> [REQUIRED WORK]:
Please copy the data below exactly; none of the pictures in it belong in the copy.

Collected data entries

>>>>

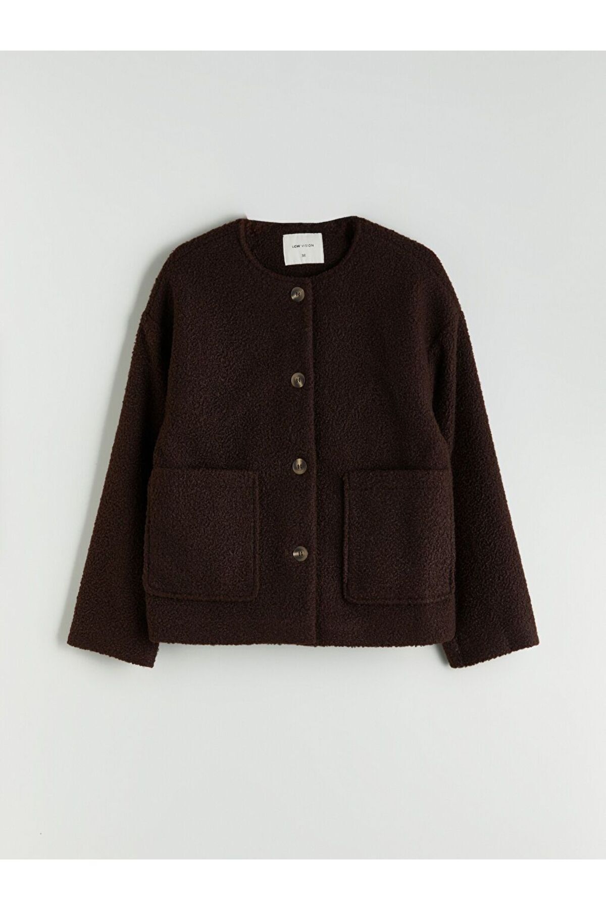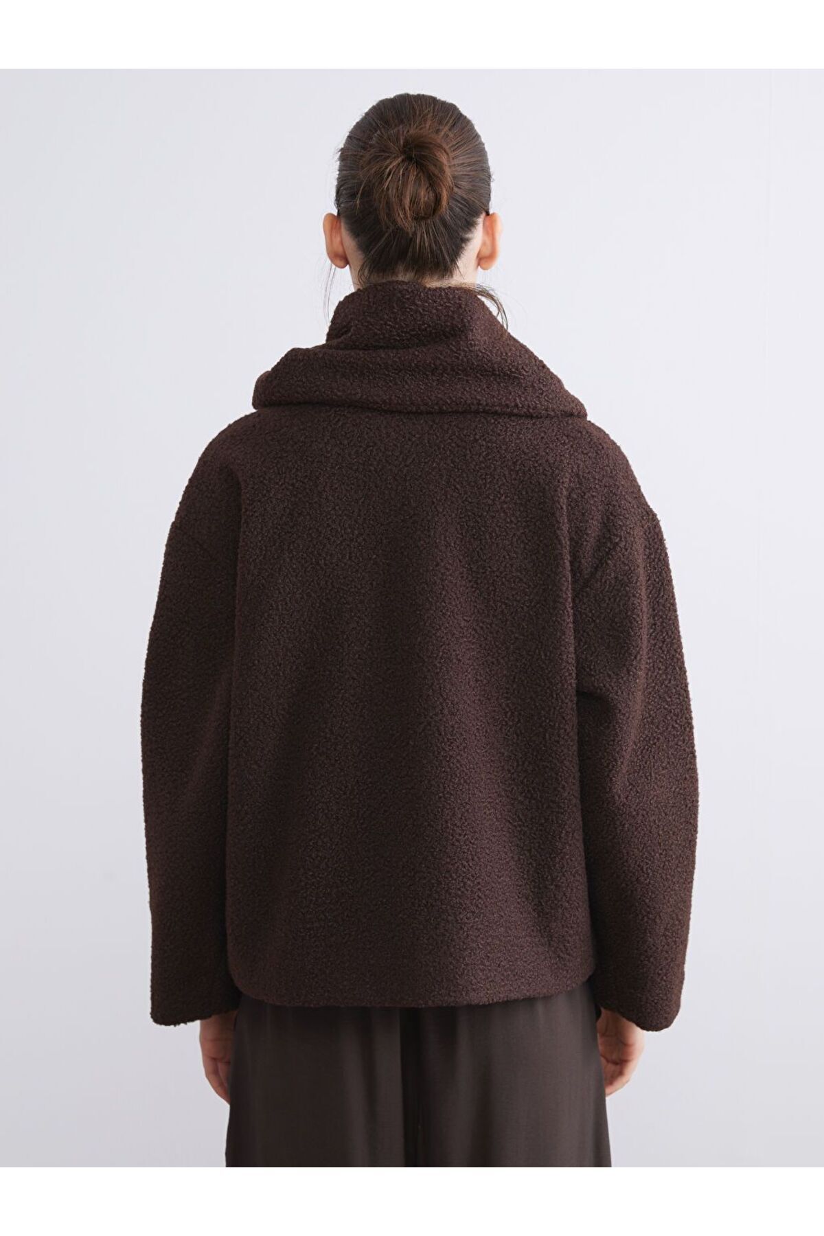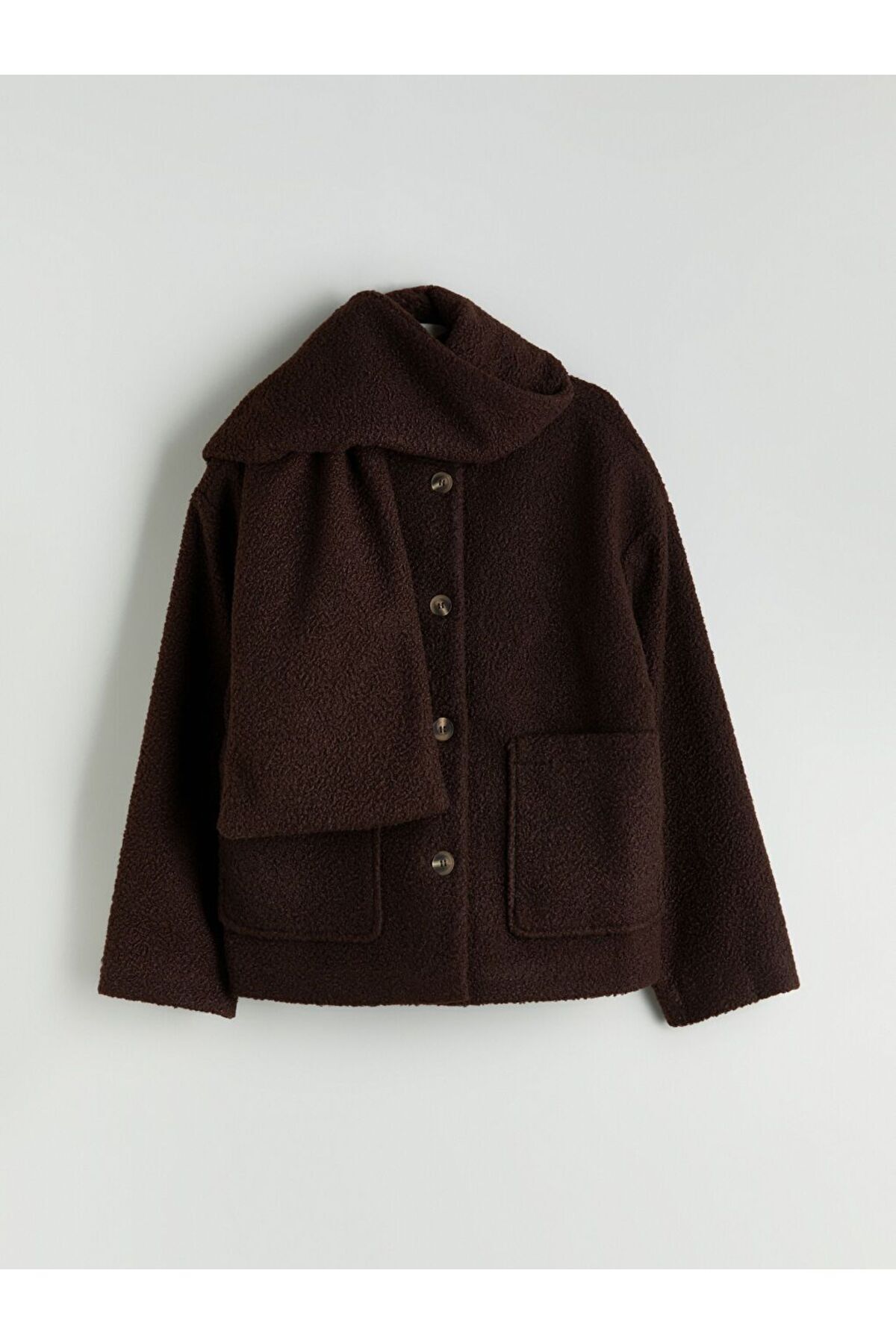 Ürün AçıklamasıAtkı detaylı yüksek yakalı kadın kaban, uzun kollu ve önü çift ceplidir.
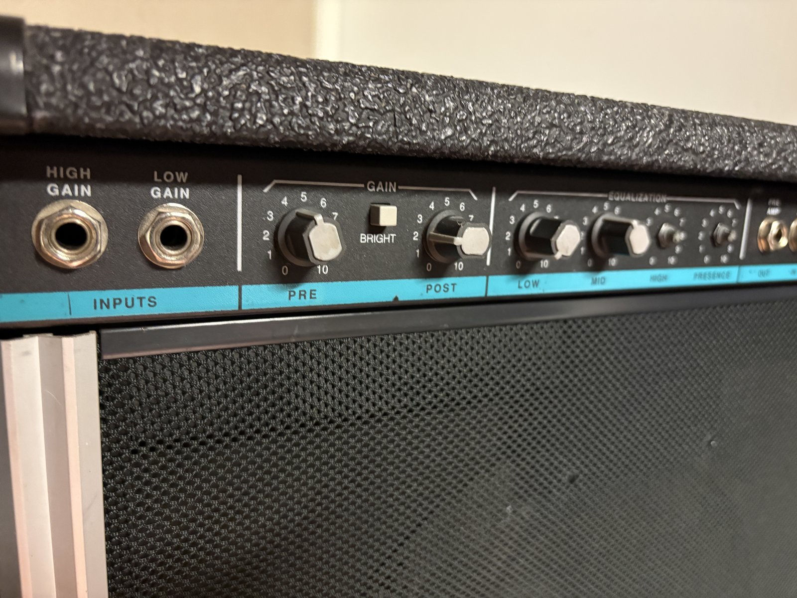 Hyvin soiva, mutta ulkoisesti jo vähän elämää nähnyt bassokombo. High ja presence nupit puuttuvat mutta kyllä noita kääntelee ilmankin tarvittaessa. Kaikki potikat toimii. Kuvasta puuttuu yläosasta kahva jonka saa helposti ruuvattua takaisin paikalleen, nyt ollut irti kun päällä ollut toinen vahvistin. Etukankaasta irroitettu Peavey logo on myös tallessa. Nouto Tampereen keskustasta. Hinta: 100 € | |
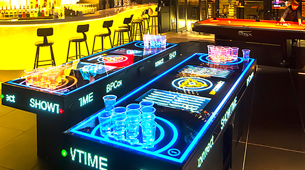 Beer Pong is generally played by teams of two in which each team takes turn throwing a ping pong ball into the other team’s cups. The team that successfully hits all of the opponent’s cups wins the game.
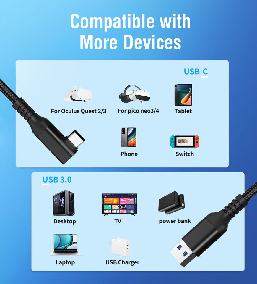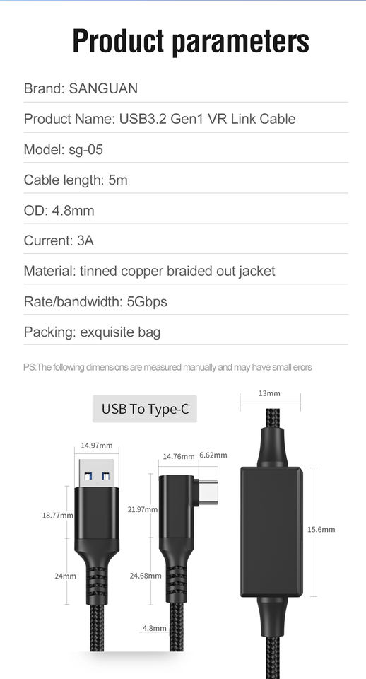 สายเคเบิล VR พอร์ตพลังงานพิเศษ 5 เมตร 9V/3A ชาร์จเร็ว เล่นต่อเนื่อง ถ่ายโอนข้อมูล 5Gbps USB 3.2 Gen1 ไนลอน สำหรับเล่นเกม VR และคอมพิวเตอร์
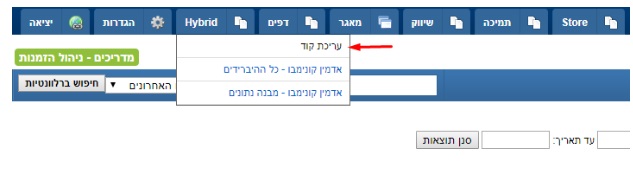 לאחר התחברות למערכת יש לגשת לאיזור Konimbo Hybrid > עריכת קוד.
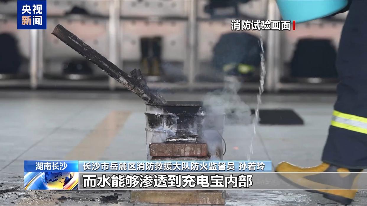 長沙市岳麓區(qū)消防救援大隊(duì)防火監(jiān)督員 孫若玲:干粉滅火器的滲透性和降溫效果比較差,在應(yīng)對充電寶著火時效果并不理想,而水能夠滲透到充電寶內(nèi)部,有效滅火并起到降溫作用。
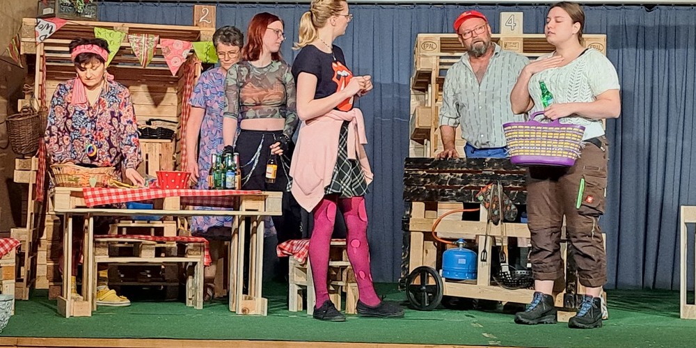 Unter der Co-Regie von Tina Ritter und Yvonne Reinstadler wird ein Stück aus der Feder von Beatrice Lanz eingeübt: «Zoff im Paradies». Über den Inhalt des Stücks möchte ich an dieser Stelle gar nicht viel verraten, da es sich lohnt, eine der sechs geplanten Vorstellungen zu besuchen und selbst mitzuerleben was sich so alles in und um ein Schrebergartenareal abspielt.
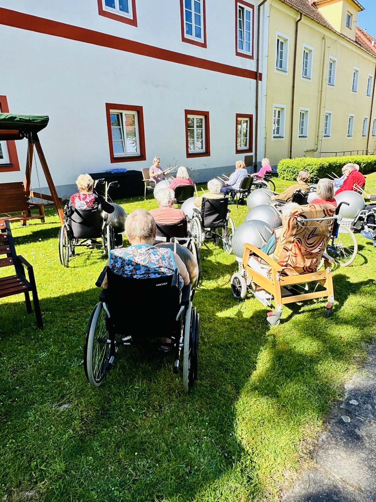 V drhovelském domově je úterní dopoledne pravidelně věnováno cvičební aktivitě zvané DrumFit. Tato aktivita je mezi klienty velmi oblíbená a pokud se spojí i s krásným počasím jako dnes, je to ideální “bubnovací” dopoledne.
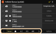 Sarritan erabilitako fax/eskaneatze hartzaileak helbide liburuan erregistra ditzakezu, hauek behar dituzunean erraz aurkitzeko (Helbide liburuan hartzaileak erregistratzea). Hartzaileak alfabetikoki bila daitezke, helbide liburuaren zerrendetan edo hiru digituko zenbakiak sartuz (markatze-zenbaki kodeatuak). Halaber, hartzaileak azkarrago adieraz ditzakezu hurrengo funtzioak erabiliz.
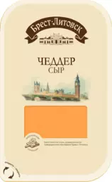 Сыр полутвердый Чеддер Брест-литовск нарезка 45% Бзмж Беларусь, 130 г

<<<<

> [ANSWER]:
 Ürün AçıklamasıAtkı detaylı yüksek yakalı kadın kaban, uzun kollu ve önü çift ceplidir.
 Hyvin soiva, mutta ulkoisesti jo vähän elämää nähnyt bassokombo. High ja presence nupit puuttuvat mutta kyllä noita kääntelee ilmankin tarvittaessa. Kaikki potikat toimii. Kuvasta puuttuu yläosasta kahva jonka saa helposti ruuvattua takaisin paikalleen, nyt ollut irti kun päällä ollut toinen vahvistin. Etukankaasta irroitettu Peavey logo on myös tallessa. Nouto Tampereen keskustasta. Hinta: 100 € | |
 Beer Pong is generally played by teams of two in which each team takes turn throwing a ping pong ball into the other team’s cups. The team that successfully hits all of the opponent’s cups wins the game.
 สายเคเบิล VR พอร์ตพลังงานพิเศษ 5 เมตร 9V/3A ชาร์จเร็ว เล่นต่อเนื่อง ถ่ายโอนข้อมูล 5Gbps USB 3.2 Gen1 ไนลอน สำหรับเล่นเกม VR และคอมพิวเตอร์
 לאחר התחברות למערכת יש לגשת לאיזור Konimbo Hybrid > עריכת קוד.
 長沙市岳麓區(qū)消防救援大隊(duì)防火監(jiān)督員 孫若玲:干粉滅火器的滲透性和降溫效果比較差,在應(yīng)對充電寶著火時效果并不理想,而水能夠滲透到充電寶內(nèi)部,有效滅火并起到降溫作用。
 Unter der Co-Regie von Tina Ritter und Yvonne Reinstadler wird ein Stück aus der Feder von Beatrice Lanz eingeübt: «Zoff im Paradies». Über den Inhalt des Stücks möchte ich an dieser Stelle gar nicht viel verraten, da es sich lohnt, eine der sechs geplanten Vorstellungen zu besuchen und selbst mitzuerleben was sich so alles in und um ein Schrebergartenareal abspielt.
 V drhovelském domově je úterní dopoledne pravidelně věnováno cvičební aktivitě zvané DrumFit. Tato aktivita je mezi klienty velmi oblíbená a pokud se spojí i s krásným počasím jako dnes, je to ideální “bubnovací” dopoledne.
 Sarritan erabilitako fax/eskaneatze hartzaileak helbide liburuan erregistra ditzakezu, hauek behar dituzunean erraz aurkitzeko (Helbide liburuan hartzaileak erregistratzea). Hartzaileak alfabetikoki bila daitezke, helbide liburuaren zerrendetan edo hiru digituko zenbakiak sartuz (markatze-zenbaki kodeatuak). Halaber, hartzaileak azkarrago adieraz ditzakezu hurrengo funtzioak erabiliz.
 Сыр полутвердый Чеддер Брест-литовск нарезка 45% Бзмж Беларусь, 130 г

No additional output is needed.